The class to read in the data is:
class Minimal:
def __init__(self, data=[]):
self.data = data
def readFile(self, filename):
f = open(filename, 'r')
for line in f:
line = line.strip()
columns = line.split()
#creates a list of angle, intensity and error and appends it to the diffraction pattern
self.data.append( [float(columns[0]), float(columns[1]), float(columns[2])] )
f.close()
def printData(self):
for dataPoint in self.data:
print str(dataPoint)
The datafiles look like:
1 4 2
2 5 2.3
3 4 2
4 6 2.5
5 8 5
6 10 3
The program I am using to actually create the instances of Minimal is:
from minimal import Minimal
d1 = Minimal()
d1.readFile("data1.xye")
d2 = Minimal()
d2.readFile("data2.xye")
d3 = Minimal()
d3.readFile("data3.xye")
print "Data1"
print d1
d1.printData()
print "\nData2"
print d2
d2.printData()
print "\nData3"
print d3
d3.printData()
The output is:
Data1
<minimal.Minimal instance at 0x016A35F8>
[1.0, 4.0, 2.0]
[2.0, 5.0, 2.3]
[3.0, 4.0, 2.0]
[4.0, 6.0, 2.5]
[5.0, 8.0, 5.0]
[6.0, 10.0, 3.0]
[2.0, 4.0, 2.0]
[3.0, 5.0, 2.3]
[4.0, 4.0, 2.0]
[5.0, 6.0, 2.5]
[6.0, 8.0, 5.0]
[7.0, 10.0, 3.0]
[3.0, 4.0, 2.0]
[4.0, 5.0, 2.3]
[5.0, 4.0, 2.0]
[6.0, 6.0, 2.5]
[7.0, 8.0, 5.0]
[8.0, 10.0, 3.0]
Data2
<minimal.Minimal instance at 0x016A3620>
[1.0, 4.0, 2.0]
[2.0, 5.0, 2.3]
[3.0, 4.0, 2.0]
[4.0, 6.0, 2.5]
[5.0, 8.0, 5.0]
[6.0, 10.0, 3.0]
[2.0, 4.0, 2.0]
[3.0, 5.0, 2.3]
[4.0, 4.0, 2.0]
[5.0, 6.0, 2.5]
[6.0, 8.0, 5.0]
[7.0, 10.0, 3.0]
[3.0, 4.0, 2.0]
[4.0, 5.0, 2.3]
[5.0, 4.0, 2.0]
[6.0, 6.0, 2.5]
[7.0, 8.0, 5.0]
[8.0, 10.0, 3.0]
Data3
<minimal.Minimal instance at 0x016A3648>
[1.0, 4.0, 2.0]
[2.0, 5.0, 2.3]
[3.0, 4.0, 2.0]
[4.0, 6.0, 2.5]
[5.0, 8.0, 5.0]
[6.0, 10.0, 3.0]
[2.0, 4.0, 2.0]
[3.0, 5.0, 2.3]
[4.0, 4.0, 2.0]
[5.0, 6.0, 2.5]
[6.0, 8.0, 5.0]
[7.0, 10.0, 3.0]
[3.0, 4.0, 2.0]
[4.0, 5.0, 2.3]
[5.0, 4.0, 2.0]
[6.0, 6.0, 2.5]
[7.0, 8.0, 5.0]
[8.0, 10.0, 3.0]
Tool completed successfully
Default value data is evaluated only once; data attributes of Minimal instances reference the same list.
>>> class Minimal:
... def __init__(self, data=[]):
... self.data = data
...
>>> a1 = Minimal()
>>> a2 = Minimal()
>>> a1.data is a2.data
True
Replace as follow:
>>> class Minimal:
... def __init__(self, data=None):
... self.data = data or []
...
>>> a1 = Minimal()
>>> a2 = Minimal()
>>> a1.data is a2.data
False
See “Least Astonishment” in Python: The Mutable Default Argument.
Consider the following:
def d():
print("d() invoked")
return 1
def f(p=d())
pass
print"("Start")
f()
f()
It prints
d() invoked
Start
Not
Start
d() invoked
d() invoked
Why? Because default arguments are computed on function definition (and stored in some kind of internal global for reuse every subsequent time they are needed). They are not computed on each function invocation.
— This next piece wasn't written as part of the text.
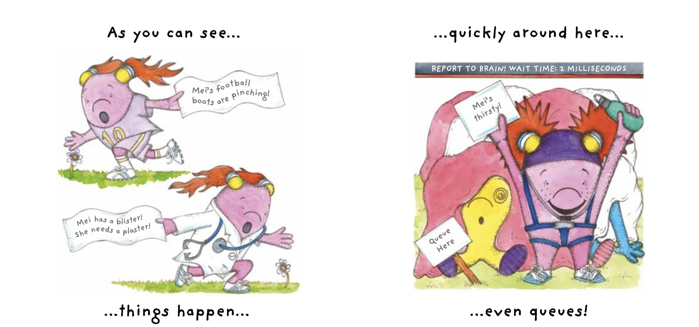 Meet Fizz the neuron! Fizz helps your brain to keep up to date with everything that happens in your body, from feeling cold to feeling itchy. She’ll bungee jump down your spinal cord to send speedy messages to and from your brain. But sometimes these messages can be lost or delayed in someone with ADHD.
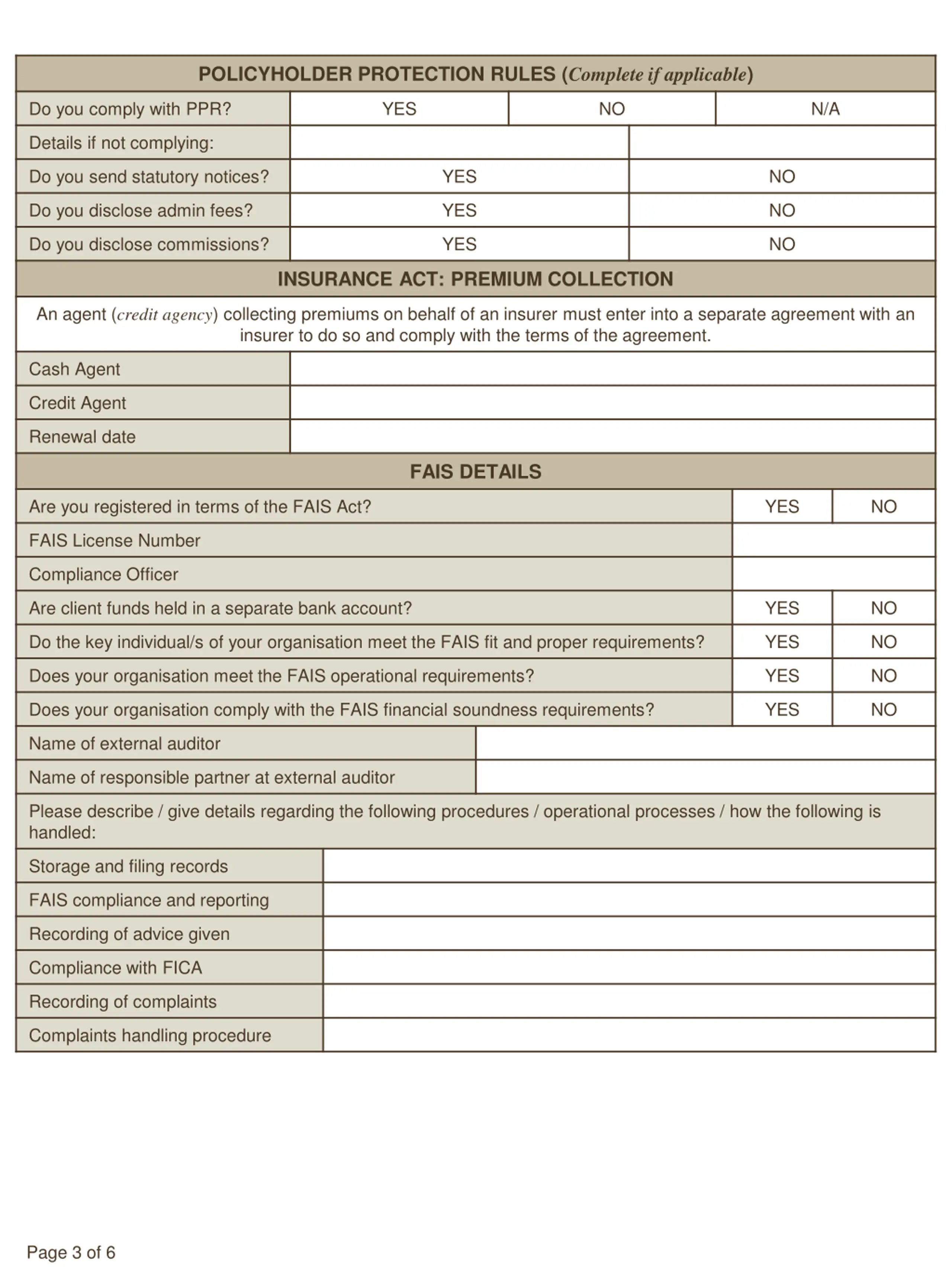 POLICYHOLDER PROTECTION RULES (Complete if applicable) Do you comply with PPR? YES NO N/A Details if not complying: Do you send statutory notices? YES NO Do you disclose admin fees? YES NO Do you disclose commissions? YES NO INSURANCE ACT: PREMIUM COLLECTION An agent (credit agency) collecting premiums on behalf of an insurer must enter into a separate agreement with an insurer to do so and comply with the terms of the agreement. Cash Agent Credit Agent Renewal date FAIS DETAILS Are you registered in terms of the FAIS Act? YES NO FAIS License Number Compliance Officer Are client funds held in a separate bank account? YES NO Do the key individual/s of your organisation meet the FAIS fit and proper requirements? YES NO Does your organisation meet the FAIS operational requirements? YES NO Does your organisation comply with the FAIS financial soundness requirements? YES NO Name of external auditor Name of responsible partner at external auditor Please describe / give details regarding the following procedures / operational processes / how the following is handled: Storage and filing records FAIS compliance and reporting Recording of advice given Compliance with FICA Recording of complaints Complaints handling procedure Page 3 of 6

In other words, they behave more or less like:
_f_p_default= d()
def f(p)
if p is None: p= _f_p_default
pass
Make the above substitution in your code, and you will understand the problem immediately.
The correct form for your code was already provided by #falsetru . I'm just trying to explain the rationale.